[Stored records]
##############################
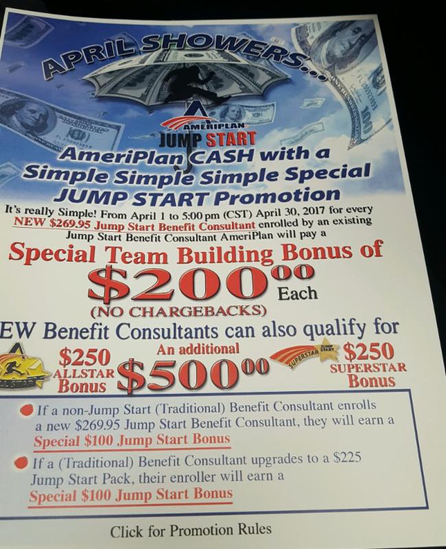 For the month of April AmeriPlan is given us an incredible opportunity to make unlimited bonuses (see details below).
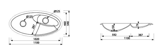Размер чаш: 592х460х150 мм, 387х190х74мм
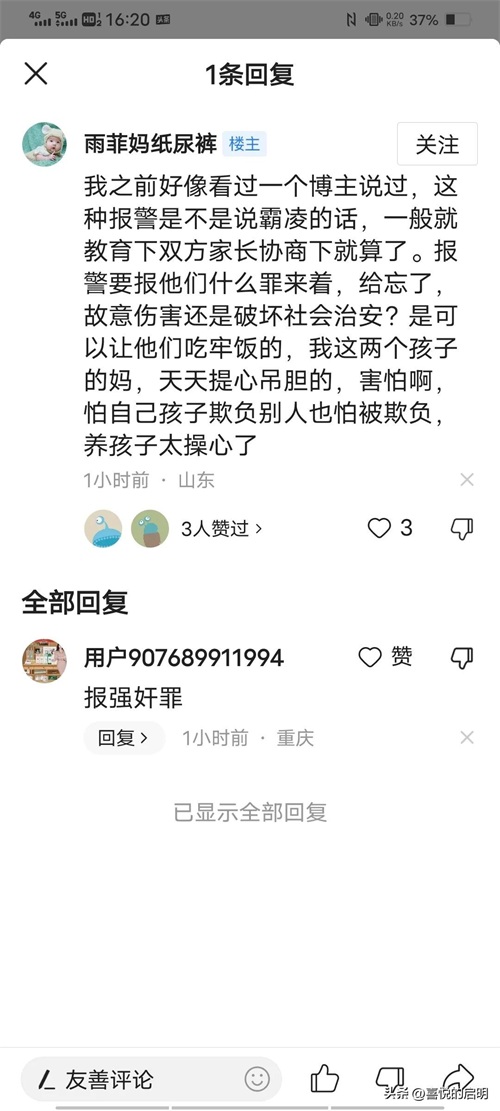 还有网友评论:这是故意伤害?破坏社会治安?之前好像看过一个博主说过,这种报警是不是说霸凌的话,一般就教育下双方家长协商下就算了。报警要报他们什么罪来着,给忘了,故意伤害还是破坏社会治安?是可以让他们吃牢饭的,我这两个孩子的妈,天天提心吊胆的,害怕啊,怕自己孩子欺负别人也怕被欺负,养孩子太操心了
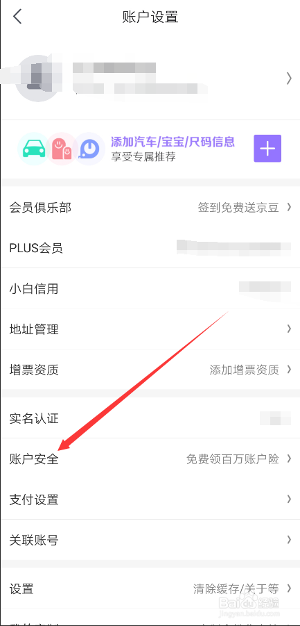 在京东账户设置界面里直接点击【账户平安】选项,如下图所示。
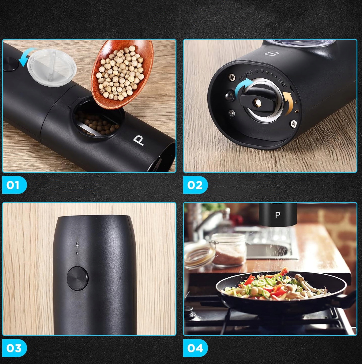 ✔✔✔【Широкий диапазон Применение】Может использоваться для перца, соли и специй. Эта электрическая мельница для соли и перца подходит для всех видов специй. Идеально подходит в качестве приправы к перцу, соли, паприке, гвоздике, травам и смесям специй. Идеально подходит для кухни, гриля на открытом воздухе и в ресторанах.
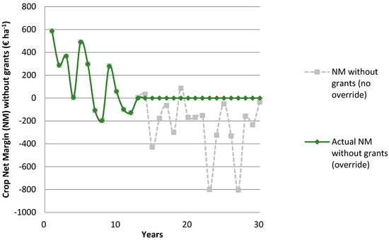 - Arable: A four-year rotation of autumn sown winter wheat (feed), winter wheat (feed), winter barley (feed), and winter oilseed rape over a time horizon of 30 years.
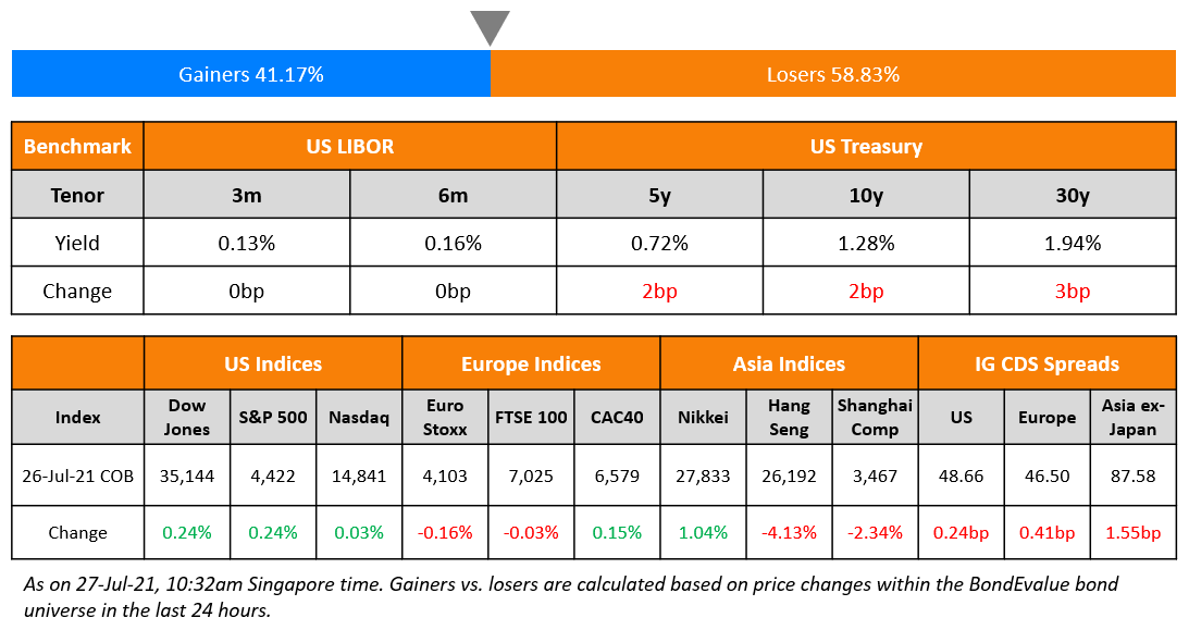 Fujian Yango Group raised $250mn via a 2 year 5 month bond at a yield of 12.5%. The bonds have expected ratings of B-. Yango (Cayman) Investment is the issuer and Fujian Yango Group is the guarantor. Proceeds will be used for debt refinancing, including a tender offer for its outstanding $285mn 12.5% 2021s at par plus accrued and unpaid interest. The deadline is August 2, 2021.
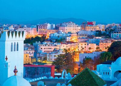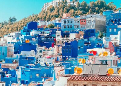 Upon arrival in Tangier by ferry or flight, you’ll meet your driver to begin the journey. Driving through the Rif Mountains, you’ll enjoy sweeping views before reaching Chefchaouen, famously known as the “Blue Pearl” of Morocco. Nestled in the mountains, this town enchants visitors with its maze of blue-washed houses, cobbled alleys, and artistic charm. Stroll through Place Outa el Hammam, visit the Kasbah and Ethnographic Museum, and admire the Great Mosque’s unique octagonal minaret. Evening free to relax in the serene mountain atmosphere.
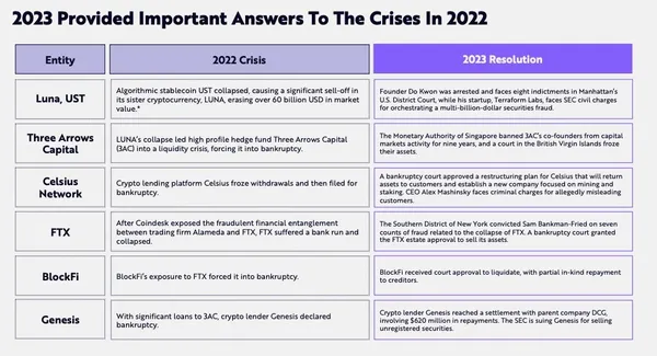而從方舟報告可以看到,包括 FTX 最近宣布計劃全額償還債權人、Celsius 向一家新企業分配 30 億美元和股權分配作為破產解決方案,以及三箭、LUNA 創辦人被捕並面臨清算在內,2022 至 2023 年間引發加密貨幣熊市的幾大危機,大部分已經進入收尾階段。
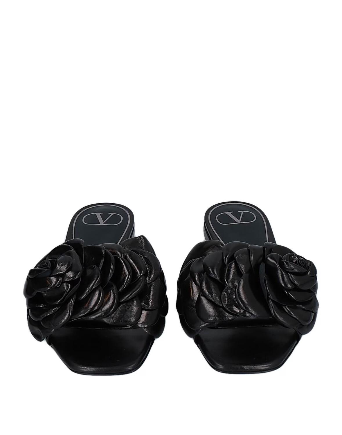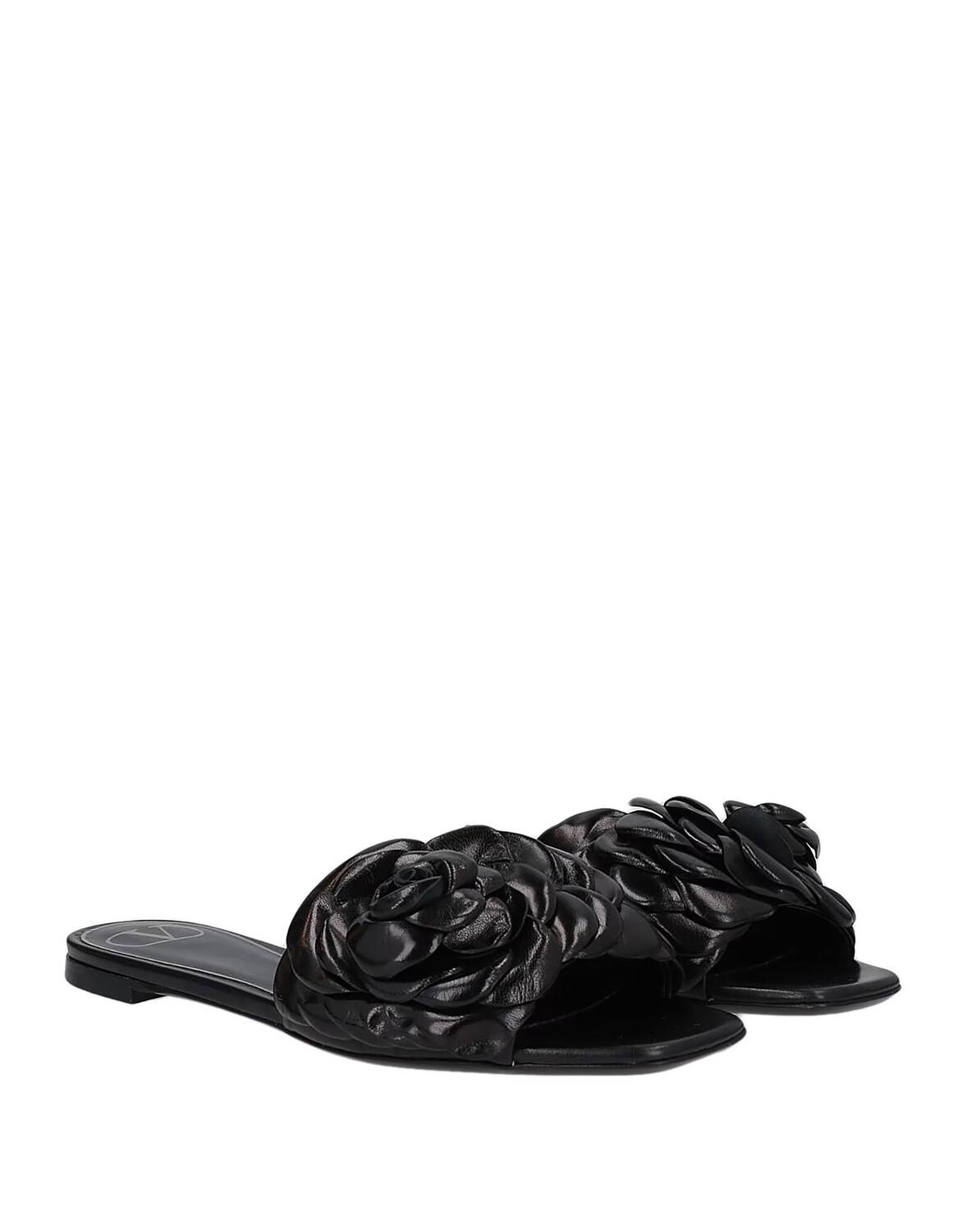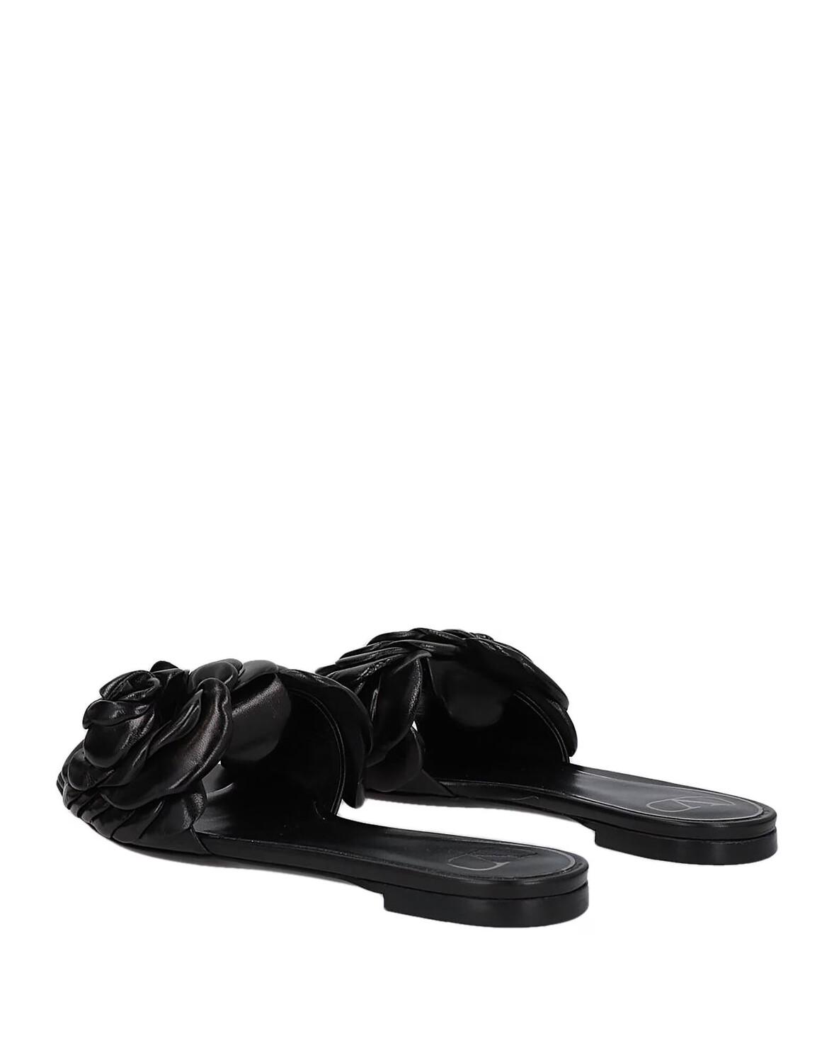 Кожа, цветочные аппликации, одноцветное изделие, подкладка из кожи, скругленный носок, без каблука, кожаная подошва, содержит нетекстильные части животного происхождения, шлепанцы
##############################
**EXERCISE OBJECTIVE:** The lines from the top of the data above through the one holding "在京东账户设置界面里直接点击【账户平安】选项,如下图所示。" are to be repeated exactly, and only those, with no pictures.

**REPLY:**
 For the month of April AmeriPlan is given us an incredible opportunity to make unlimited bonuses (see details below).
Размер чаш: 592х460х150 мм, 387х190х74мм
 还有网友评论:这是故意伤害?破坏社会治安?之前好像看过一个博主说过,这种报警是不是说霸凌的话,一般就教育下双方家长协商下就算了。报警要报他们什么罪来着,给忘了,故意伤害还是破坏社会治安?是可以让他们吃牢饭的,我这两个孩子的妈,天天提心吊胆的,害怕啊,怕自己孩子欺负别人也怕被欺负,养孩子太操心了
 在京东账户设置界面里直接点击【账户平安】选项,如下图所示。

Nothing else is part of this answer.